Calallen’s dining scene is getting a major chain upgrade as two Darden Restaurants brands, Olive Garden and LongHorn Steakhouse, lock in spots at Nemec Towne Center on Corpus Christi’s northwest side. The sit-down pair will land in phase two of the project alongside an Academy Sports + Outdoors pad, with the restaurants alone representing more than $6.24 million in planned investment. Developers have construction kicking off this summer, with LongHorn targeted to break ground in late May and Olive Garden set to follow in June. Current timelines have openings penciled in sometime between late 2026 and early 2027.

What’s Planned at Nemec Towne Center

According to TDLR, both restaurants are part of Nemec Towne Center Phase 2 at 3601 IH-69 Service Road. Plans call for an Olive Garden of roughly 7,800 square feet and a LongHorn Steakhouse of about 5,800 square feet. Reporting by MySA notes that construction on the steakhouse is expected to begin in late May, with work on Olive Garden slated for June. Completion windows on file list December 2026 for LongHorn and February 2027 for Olive Garden, although state filings routinely shift as leases, permits and construction schedules get finalized.

Approvals Cleared for Retail Pads

City planning records show the Nemec Towne Center tract was rezoned from farm-rural to a general commercial district to support new retail and restaurant development. A preliminary plat approved in October carves the property into multiple commercial lots. City of Corpus Christi documents list 2AVH Calallen LP as the owner of the Nemec Towne Center Phase 2 final plat at the 3601 IH-69 address, signaling that key approvals for pad construction are in place. Those same records put the center just south of a Walmart Supercenter and directly north of a Hobby Lobby, positioning the new restaurants at a particularly busy stretch of the corridor.

Local Leaders Welcome New Dining Options

City Councilman Everett Roy has called the project "a great win for the Northwest," saying it will bring national dining and retail brands into a part of town that has seen relatively little commercial growth for decades. That comment was reported by KRIS 6 News, which notes the site was annexed by Corpus Christi in 1995 and has only recently been platted for commercial use. Neighbors can expect to see infrastructure work rolled out first, followed by individual tenant buildouts as the project advances.
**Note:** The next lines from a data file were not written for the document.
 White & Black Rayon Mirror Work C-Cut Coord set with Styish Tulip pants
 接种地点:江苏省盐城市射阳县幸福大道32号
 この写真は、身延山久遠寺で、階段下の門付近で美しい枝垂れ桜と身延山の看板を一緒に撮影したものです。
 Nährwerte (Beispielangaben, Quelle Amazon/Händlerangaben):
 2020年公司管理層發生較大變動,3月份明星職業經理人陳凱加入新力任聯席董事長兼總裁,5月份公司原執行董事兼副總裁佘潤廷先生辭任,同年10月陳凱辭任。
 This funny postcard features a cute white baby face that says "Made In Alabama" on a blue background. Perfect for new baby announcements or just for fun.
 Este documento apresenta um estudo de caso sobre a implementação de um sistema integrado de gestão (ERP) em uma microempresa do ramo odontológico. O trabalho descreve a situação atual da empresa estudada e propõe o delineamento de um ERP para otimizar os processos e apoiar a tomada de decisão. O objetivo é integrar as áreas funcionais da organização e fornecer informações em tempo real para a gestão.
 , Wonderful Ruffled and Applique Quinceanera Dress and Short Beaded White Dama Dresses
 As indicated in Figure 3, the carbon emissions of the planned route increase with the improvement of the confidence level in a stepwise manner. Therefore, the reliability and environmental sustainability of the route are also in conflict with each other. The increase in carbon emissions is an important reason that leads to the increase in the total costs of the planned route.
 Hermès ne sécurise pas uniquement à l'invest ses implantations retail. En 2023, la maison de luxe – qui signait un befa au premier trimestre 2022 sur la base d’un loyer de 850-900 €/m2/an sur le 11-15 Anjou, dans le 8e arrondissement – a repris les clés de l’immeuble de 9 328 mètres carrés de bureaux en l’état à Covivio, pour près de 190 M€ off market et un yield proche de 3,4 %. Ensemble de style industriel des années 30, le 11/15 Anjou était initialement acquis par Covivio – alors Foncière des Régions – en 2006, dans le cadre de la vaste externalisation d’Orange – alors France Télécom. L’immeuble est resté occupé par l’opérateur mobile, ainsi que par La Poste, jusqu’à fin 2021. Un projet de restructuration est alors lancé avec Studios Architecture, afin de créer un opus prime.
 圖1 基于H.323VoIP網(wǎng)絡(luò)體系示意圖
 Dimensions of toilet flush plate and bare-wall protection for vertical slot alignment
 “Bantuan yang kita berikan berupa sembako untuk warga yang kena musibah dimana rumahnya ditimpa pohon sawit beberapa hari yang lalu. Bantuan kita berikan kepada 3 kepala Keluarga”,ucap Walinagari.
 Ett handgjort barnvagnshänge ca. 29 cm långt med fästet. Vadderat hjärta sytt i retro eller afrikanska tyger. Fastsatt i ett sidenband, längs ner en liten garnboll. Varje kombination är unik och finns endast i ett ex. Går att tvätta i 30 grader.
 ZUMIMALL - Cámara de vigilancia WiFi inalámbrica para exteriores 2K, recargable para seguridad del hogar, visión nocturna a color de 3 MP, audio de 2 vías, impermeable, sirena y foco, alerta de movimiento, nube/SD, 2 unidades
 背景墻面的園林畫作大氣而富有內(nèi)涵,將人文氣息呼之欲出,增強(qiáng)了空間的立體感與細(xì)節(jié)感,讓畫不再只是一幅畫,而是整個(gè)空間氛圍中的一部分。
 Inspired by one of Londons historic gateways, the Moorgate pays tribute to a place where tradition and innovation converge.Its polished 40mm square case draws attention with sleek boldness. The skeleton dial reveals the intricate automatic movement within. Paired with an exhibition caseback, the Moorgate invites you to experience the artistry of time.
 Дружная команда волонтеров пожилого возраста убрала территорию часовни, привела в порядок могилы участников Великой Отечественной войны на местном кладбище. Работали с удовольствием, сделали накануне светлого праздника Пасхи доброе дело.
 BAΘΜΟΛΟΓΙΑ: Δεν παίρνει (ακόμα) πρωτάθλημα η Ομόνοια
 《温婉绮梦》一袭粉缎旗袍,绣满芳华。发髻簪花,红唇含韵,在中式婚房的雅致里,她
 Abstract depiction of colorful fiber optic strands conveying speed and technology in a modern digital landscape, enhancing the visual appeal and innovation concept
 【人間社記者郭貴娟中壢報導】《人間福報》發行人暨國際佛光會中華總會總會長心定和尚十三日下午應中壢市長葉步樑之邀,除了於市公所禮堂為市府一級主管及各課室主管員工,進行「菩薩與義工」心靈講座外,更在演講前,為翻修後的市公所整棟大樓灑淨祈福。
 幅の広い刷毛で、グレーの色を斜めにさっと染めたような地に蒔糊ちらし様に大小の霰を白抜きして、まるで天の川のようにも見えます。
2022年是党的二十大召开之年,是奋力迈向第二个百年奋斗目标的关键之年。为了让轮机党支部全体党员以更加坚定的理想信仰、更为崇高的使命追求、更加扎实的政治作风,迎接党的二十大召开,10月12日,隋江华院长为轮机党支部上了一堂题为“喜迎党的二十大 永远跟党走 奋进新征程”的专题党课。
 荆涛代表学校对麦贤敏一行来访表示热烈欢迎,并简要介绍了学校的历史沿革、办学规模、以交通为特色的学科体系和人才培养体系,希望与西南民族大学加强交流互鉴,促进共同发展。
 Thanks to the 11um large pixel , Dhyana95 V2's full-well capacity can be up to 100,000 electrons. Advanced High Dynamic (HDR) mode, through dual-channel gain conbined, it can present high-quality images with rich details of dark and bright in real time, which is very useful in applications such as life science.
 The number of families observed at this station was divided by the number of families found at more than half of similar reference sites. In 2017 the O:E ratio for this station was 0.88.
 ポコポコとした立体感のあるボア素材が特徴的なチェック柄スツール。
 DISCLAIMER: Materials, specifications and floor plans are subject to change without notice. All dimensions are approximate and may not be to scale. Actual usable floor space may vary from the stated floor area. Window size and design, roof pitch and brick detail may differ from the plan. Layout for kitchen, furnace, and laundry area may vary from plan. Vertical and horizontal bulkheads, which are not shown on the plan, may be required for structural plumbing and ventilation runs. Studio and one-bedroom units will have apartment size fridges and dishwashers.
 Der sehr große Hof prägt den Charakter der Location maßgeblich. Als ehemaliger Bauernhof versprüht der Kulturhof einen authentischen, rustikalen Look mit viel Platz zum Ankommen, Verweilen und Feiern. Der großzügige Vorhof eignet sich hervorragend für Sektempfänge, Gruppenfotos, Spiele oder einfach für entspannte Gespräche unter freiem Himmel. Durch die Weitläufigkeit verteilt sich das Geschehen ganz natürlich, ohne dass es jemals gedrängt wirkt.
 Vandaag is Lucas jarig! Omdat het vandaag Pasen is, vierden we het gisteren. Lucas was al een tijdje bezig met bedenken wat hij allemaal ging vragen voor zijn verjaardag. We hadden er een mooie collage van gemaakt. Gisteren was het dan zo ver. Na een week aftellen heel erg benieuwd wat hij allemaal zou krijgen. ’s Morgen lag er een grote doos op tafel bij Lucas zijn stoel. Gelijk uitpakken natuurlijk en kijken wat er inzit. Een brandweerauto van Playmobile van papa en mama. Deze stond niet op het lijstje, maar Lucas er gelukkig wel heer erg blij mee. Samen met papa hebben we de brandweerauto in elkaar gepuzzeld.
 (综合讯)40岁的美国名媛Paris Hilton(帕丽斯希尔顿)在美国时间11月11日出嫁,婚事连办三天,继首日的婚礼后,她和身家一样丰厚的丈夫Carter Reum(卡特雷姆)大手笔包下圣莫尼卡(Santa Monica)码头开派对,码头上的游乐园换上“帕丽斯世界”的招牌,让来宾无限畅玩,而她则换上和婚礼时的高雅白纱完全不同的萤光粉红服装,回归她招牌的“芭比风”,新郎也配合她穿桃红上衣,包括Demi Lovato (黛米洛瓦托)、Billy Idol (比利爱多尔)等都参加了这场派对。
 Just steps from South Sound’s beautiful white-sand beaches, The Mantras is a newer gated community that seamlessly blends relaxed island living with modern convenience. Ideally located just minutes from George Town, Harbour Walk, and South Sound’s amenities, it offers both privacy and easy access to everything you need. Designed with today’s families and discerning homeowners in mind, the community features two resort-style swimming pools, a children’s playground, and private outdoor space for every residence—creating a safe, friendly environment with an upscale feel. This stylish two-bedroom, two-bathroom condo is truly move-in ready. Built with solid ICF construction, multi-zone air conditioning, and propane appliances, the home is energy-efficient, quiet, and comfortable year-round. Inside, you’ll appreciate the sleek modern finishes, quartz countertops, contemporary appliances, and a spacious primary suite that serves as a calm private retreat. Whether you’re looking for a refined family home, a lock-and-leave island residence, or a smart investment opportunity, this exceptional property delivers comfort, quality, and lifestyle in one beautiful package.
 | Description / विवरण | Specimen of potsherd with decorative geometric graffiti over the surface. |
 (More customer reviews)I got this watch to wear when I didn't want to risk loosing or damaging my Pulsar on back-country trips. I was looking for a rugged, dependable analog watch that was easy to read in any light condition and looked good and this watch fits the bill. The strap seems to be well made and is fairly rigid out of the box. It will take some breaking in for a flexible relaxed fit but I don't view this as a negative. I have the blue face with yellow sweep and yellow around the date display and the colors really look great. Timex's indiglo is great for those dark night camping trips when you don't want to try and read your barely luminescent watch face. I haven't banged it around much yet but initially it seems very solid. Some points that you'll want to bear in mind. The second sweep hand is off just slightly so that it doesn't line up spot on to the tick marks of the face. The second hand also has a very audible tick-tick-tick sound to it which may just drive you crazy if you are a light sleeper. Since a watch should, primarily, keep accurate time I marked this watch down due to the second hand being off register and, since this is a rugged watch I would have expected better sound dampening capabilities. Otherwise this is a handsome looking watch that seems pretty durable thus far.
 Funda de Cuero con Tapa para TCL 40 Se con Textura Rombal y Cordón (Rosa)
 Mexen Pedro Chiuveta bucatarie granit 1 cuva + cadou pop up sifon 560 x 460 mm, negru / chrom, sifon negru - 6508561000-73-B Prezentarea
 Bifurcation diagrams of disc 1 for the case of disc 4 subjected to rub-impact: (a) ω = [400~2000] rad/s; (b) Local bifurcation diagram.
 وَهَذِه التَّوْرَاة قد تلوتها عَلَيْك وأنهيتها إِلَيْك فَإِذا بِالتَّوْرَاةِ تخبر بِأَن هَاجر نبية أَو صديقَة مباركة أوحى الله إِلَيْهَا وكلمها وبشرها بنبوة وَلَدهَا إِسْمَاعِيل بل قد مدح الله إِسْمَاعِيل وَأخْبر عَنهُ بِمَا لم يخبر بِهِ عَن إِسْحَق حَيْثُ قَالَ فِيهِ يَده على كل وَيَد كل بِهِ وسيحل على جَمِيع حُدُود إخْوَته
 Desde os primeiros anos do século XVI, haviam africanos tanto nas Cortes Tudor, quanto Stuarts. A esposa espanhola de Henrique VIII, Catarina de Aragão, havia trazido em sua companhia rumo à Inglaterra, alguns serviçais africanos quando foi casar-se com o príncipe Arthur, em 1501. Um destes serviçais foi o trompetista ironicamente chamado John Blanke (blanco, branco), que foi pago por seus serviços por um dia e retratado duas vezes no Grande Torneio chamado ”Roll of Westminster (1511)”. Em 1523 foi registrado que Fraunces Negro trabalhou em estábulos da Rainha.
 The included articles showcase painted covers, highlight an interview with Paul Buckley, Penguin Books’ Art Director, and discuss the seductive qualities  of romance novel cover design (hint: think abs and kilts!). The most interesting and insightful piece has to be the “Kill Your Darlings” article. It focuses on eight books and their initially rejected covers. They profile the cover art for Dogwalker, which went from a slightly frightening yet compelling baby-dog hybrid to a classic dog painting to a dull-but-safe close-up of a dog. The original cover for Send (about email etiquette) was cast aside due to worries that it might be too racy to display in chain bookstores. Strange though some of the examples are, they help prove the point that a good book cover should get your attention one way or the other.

Timeline, Costs and What to Expect Next

TDLR project records also show Academy Sports & Outdoors registered as a ground-up, pad-ready project at the same address with an estimated cost of about $7 million, confirming that the broader retail buildout is already in motion. With infrastructure and utilities typically prioritized, developers are expected to complete pads and parking areas before tenant interiors start to rise, which means drivers along IH-69 could encounter construction crews and traffic disruptions through 2026. As with any early-stage filing, the start and completion dates listed in public documents remain subject to change as leasing and scheduling are locked in.

Once open, Olive Garden and LongHorn will give Calallen sit-down dining choices it has not had before, while reinforcing the sense of retail momentum building across the Coastal Bend. For now, state TDLR filings and city planning records offer the clearest public trail of breadcrumbs for residents and local businesses watching the project move from paperwork to reality.